During his final training camp in 1980 with the Falcons, he shared with me that he was getting stingers and seeing stars a lot. His right thumb went numb and the muscles in his arm began to atrophy. The team trainer took notice when, after not sleeping several nights, Ray asked for a sleeping pill. The trainer also saw the neurological damage apparent in his arm. After a series of examinations and being told that returning to play might bring paralysis, Ray decided to retire from professional football. He saw this as God’s merciful way of showing him that it was time to walk away.
During the 1980s Ray successfully built a financial services business. We enjoyed prosperity to a level not experienced during football. We had investments and a portfolio that would be the envy of most middle class Americans. Ray attributed his success to God’s blessings.
Upon turning 40, Ray began to experience serious problems with insomnia which, in turn, led to depression. He left the financial services business along with its excellent residual income and decided to take a new direction. He tried to start several businesses on his own over the next 9 years. His description of these decisions was “uncharacteristic” and “I didn’t do the due diligence I would normally have undertaken”. I found that I was living with someone I did not recognize. My normally disciplined husband took chances with our finances that ended in losing our house and all our savings.
Interaction with our friends gradually dwindled; he pushed away some very close friends in fits of temper. Ill humor was a constant companion.
In and out of various professions, Ray had difficulty working with others. It wasn’t until he brought his business home in 2007, that I noticed his inability to organize and keep track of details. Never one to tolerate messiness, his desk was a maze of phone messages and incomplete business plans.

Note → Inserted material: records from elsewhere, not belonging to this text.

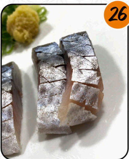
CABALLA ALÉRGENOS: PESCADO
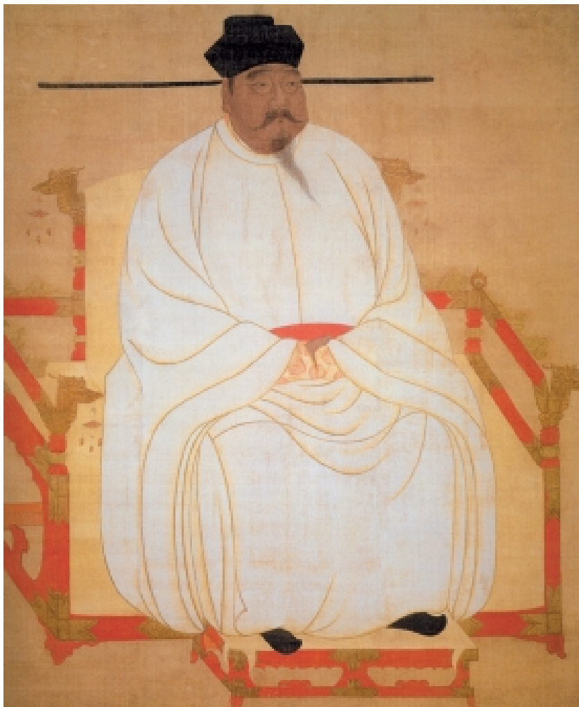
宋太祖赵匡胤坐像
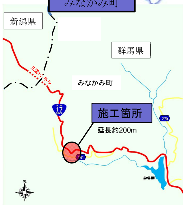
みなかみ町永井地区
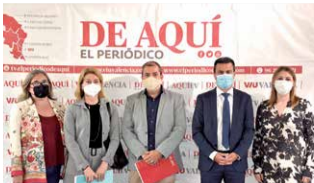
Algunos de los representantes en el acto.

ra la Generalitat Valenciana, quien aseguraba que Europa es la "puerta de las oportunidades" para el comercio de proximidad, ya que ha tenido y tiene un papel fundamental en hacer que las empresas no
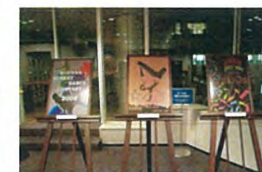
KSDC 高校生ポスターコンテスト
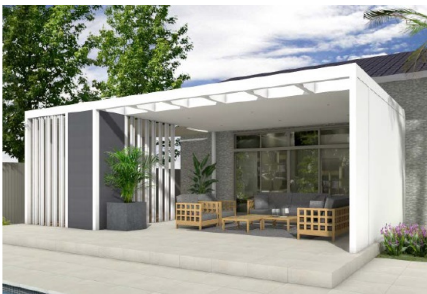
【エバーアートボード®マットホワイト マットライトグレー 使用イメージ】
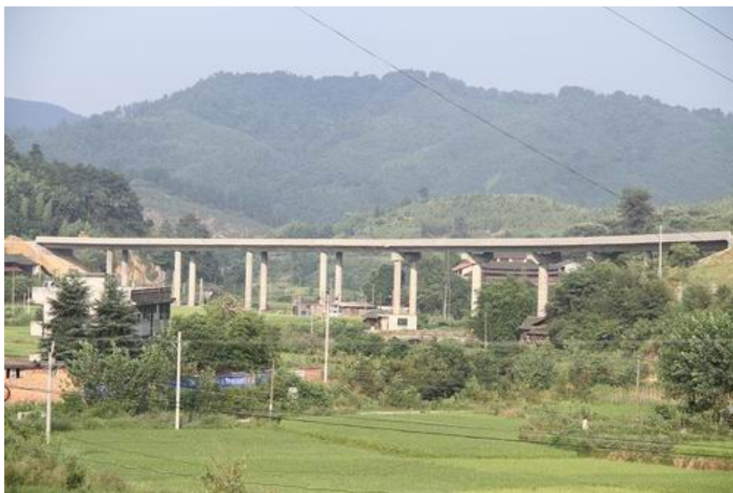
绥宁至乐安包茂高速公路连接线枫香高架桥，
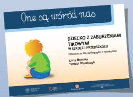
DZIECKO Z ZABURZENIAMI TIKOWYMI W SZKOLE I PRZEDSZKOLU

W drugiej serii „One są wśród nas” ukazały się:
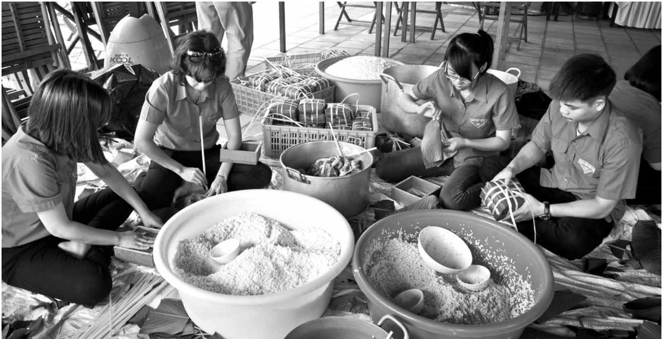
Các Đoàn viên tự tay gói bánh chưng.
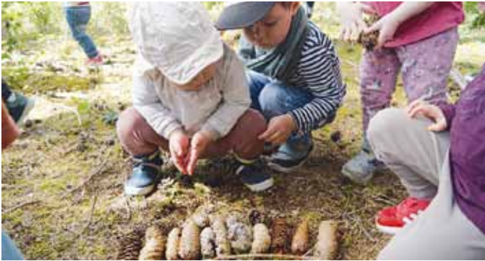
KiGa-Team St. Michael, Titting

und konnten ihrer Neugier beim Erkunden freien Lauf lassen. So bleiben die Waldtage für alle Beteiligten als besondere und schöne Erlebnisse in Erinnerung.
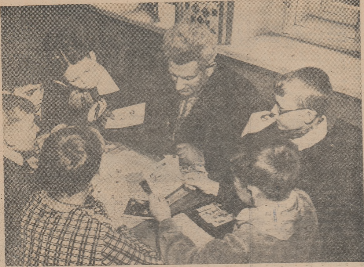
Scrisori de la prieteni de departe. Membrii cercului de pionieri „Amalia Kreisberg” din orașul Nova (R.S.S. Estonă) au primit corespondența
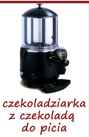
czekoladziarka z czekoladą do picia
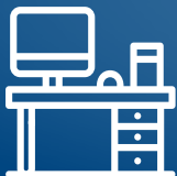
MESAS, SILLAS, EQUIPOS DE OFICINA Y TECLADOS
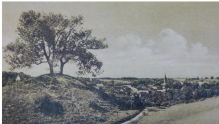
Fot. 6. Góra „Czubatka” w 1942 r.

Innym elementem związanym z dziedzictwem niematerialnym z terenu opisywanego powiatu są bajki i legendy. Na górze Czubatce w Wyrzysku znajdowało się grodzisko. Jego kształt wskazuje na to, iż była to kwadratowa wieża, postawiona na stożku o średnicy 25 m. Gród położony był na stromym, morenowym cyplu, na wzniesieniu zwanym Czubatką, usypanym przez ludzi zamieszkujących miasto w czasach panowania Piastów. Na szczycie Czubatki rosły dwa wysokie dęby, nazwane niegdyś „Adamem i Ewą” na cześć zakochanych. Wzniesienie istnieje do dzisiaj i jest często odwiedzane przez spacerujących tamtędy zakochanych. Na miejscu starych drzew zostały zasadzone nowe. Wspomnienie o tych drzewach jest legendą i jednocześnie symbolem grodu nad Łobżonką.

I was at a loss to know what had happened to my precious husband. In December of 2010, I saw a blurb on the Internet about a former NFL player who had CTE. It took me to the case studies Drs. McKee, Stern, Cantu and Chris Nowinski had done on former athletes who were diagnosed with CTE. The symptoms and behavior matched Ray’s. I was and am so grateful to them for making their findings known.
The spring of 2011, Ray was diagnosed with dementia due to the concussions he sustained in professional football. We finally had our answer to the questions of “what” and “why.” The feelings of helplessness mounted as Ray’s symptoms worsened. The medicines available could only promise to stave off the march of the disease temporarily.

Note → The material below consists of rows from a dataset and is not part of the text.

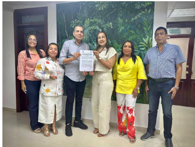
La alianza entre el ICBF y Corpoguajira se enfoca en aplicar procesos pedagógicos diferenciados para los adolescentes en conflicto con la ley, con énfasis en la reparación del daño y la reintegración social.

y mejorando su calidad de vida. El acuerdo también busca asegurar un enfoque restaurativo que promueva la reparación del daño y la reintegración social involucrando las familias.
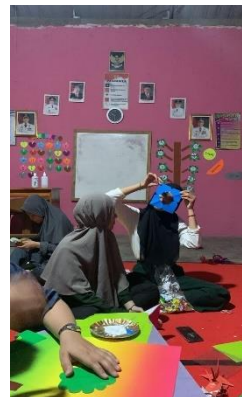
Gambar 8 Mendekor Paud di Desa Mada Jaya
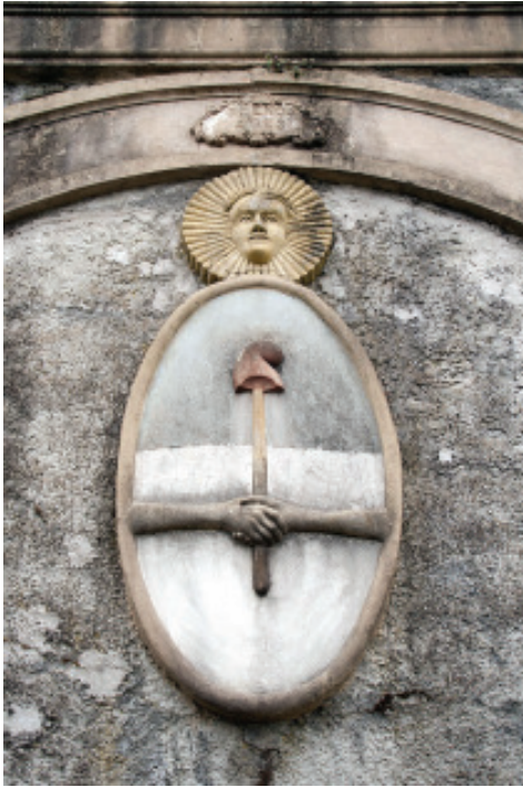
Fig. 27.- Escudo do Muro de Arxentina con simboloxía masónica.

nación arxentina. Na unión dos arcos aparecerán o resto das provincias arxentinas nun letreiro co seu nome e o da súa capital e unhas aves con trinta e tres plumas, mirando cada unha para un lado. Pódese tratar dunha alegoría das aguias bicéfalas que miran ao pasado e ao futuro, sendo ao mesmo tempo o símbolo do Supremo Consello do Grao 33 do Rito Escocés Antigo e Aceptado, o que nos faría intuír que a relación do maior dos Naveira ca orde segreda chegaría ata os niveis máis altos aos que pode optar un masón.
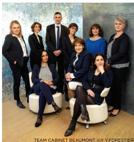
TEAM CABINET BEAUMONT
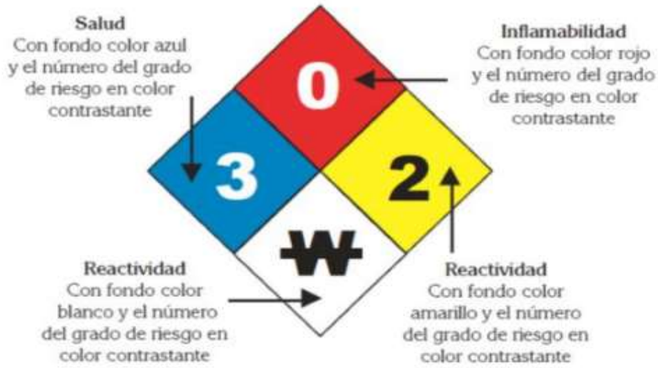
FIGURA 1 ROMBO DE
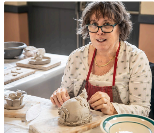
Une poule qui couve, est en train de naître
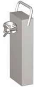
FG10 38 FG10 39
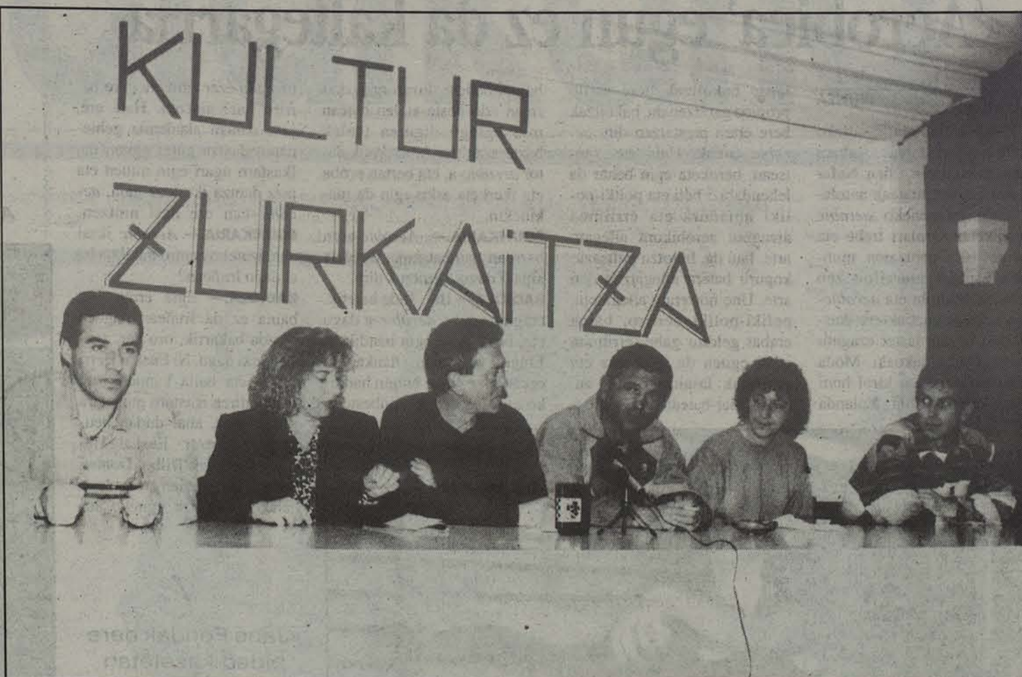
Zurkaitza elkarteko partaideak, aurkezpen egunean.

T alde batzuek ez dute oraindik euren partaidetza erabaki, Bertizko Partzuergoarekin izan litekeen harremana dela eta.
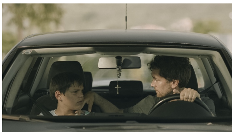
Slika 21: Usporedba trenutnog izgleda obrade slike te idejnih skica za završnu obradu izgleda slike kratkometražnog filma „Mali Libero“

With the conviction that his time on earth was complete and that he was “ready to meet” his Lord and Savior, Jesus Christ, Ray took his life on April 19, 2012. The subsequent autopsy revealed moderately severe CTE in Ray’s brain.
I hope and pray that sharing Ray’s story has helped you understand what a devastating disease CTE is and how important the work that the Concussion Legacy Foundation and BU CTE Center are doing. Please consider doing all that you can to help in educating your friends and promoting this research.
Most of all, to God, be the glory! For He sustained us through a difficult time with His peace and provision.